## Work item
Reproduce everything from the line that contains "La chemise Fleurette" down to the line that contains "52°國藏妙品酒鬼陳釀500" in the listing below, word for word and nothing more. Leave the pictures out.

## Available data
*****
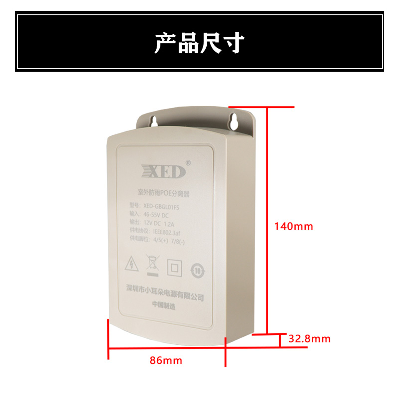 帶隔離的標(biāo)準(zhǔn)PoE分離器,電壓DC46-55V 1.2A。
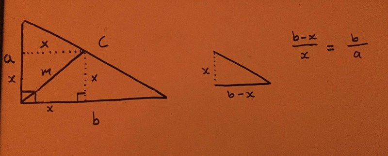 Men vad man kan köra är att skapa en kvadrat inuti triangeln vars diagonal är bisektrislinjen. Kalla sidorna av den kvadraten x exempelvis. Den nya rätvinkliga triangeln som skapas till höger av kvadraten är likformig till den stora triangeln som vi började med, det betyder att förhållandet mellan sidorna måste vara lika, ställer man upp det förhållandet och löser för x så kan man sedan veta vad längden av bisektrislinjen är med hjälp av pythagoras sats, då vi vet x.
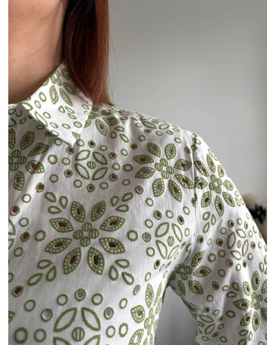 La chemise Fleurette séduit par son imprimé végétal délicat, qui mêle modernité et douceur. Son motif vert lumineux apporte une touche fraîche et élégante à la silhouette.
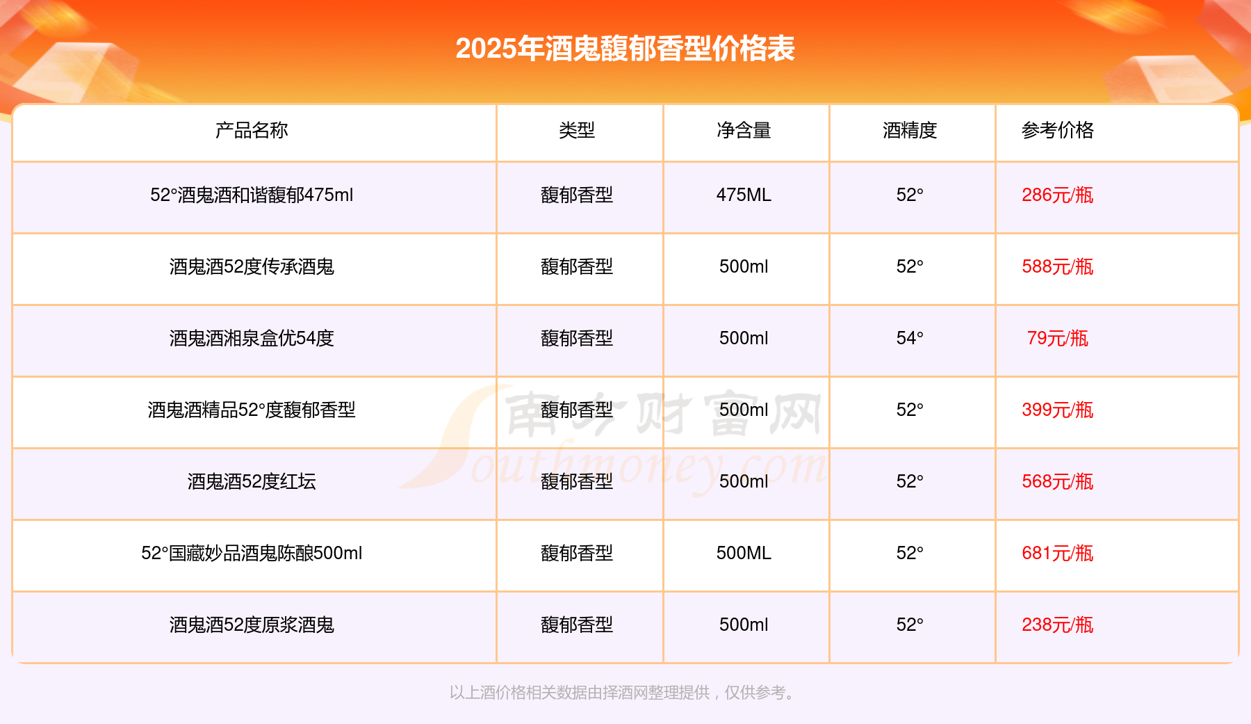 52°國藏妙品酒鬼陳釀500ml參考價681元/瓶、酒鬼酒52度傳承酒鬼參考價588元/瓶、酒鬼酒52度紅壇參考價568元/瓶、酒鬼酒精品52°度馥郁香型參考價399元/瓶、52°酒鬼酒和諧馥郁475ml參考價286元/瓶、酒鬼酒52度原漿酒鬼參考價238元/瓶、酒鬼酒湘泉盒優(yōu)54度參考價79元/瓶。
*****
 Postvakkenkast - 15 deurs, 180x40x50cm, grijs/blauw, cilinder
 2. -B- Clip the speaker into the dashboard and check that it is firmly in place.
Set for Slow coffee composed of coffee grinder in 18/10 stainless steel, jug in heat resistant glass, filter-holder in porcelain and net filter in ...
*****
## Task response
 La chemise Fleurette séduit par son imprimé végétal délicat, qui mêle modernité et douceur. Son motif vert lumineux apporte une touche fraîche et élégante à la silhouette.
 52°國藏妙品酒鬼陳釀500ml參考價681元/瓶、酒鬼酒52度傳承酒鬼參考價588元/瓶、酒鬼酒52度紅壇參考價568元/瓶、酒鬼酒精品52°度馥郁香型參考價399元/瓶、52°酒鬼酒和諧馥郁475ml參考價286元/瓶、酒鬼酒52度原漿酒鬼參考價238元/瓶、酒鬼酒湘泉盒優(yōu)54度參考價79元/瓶。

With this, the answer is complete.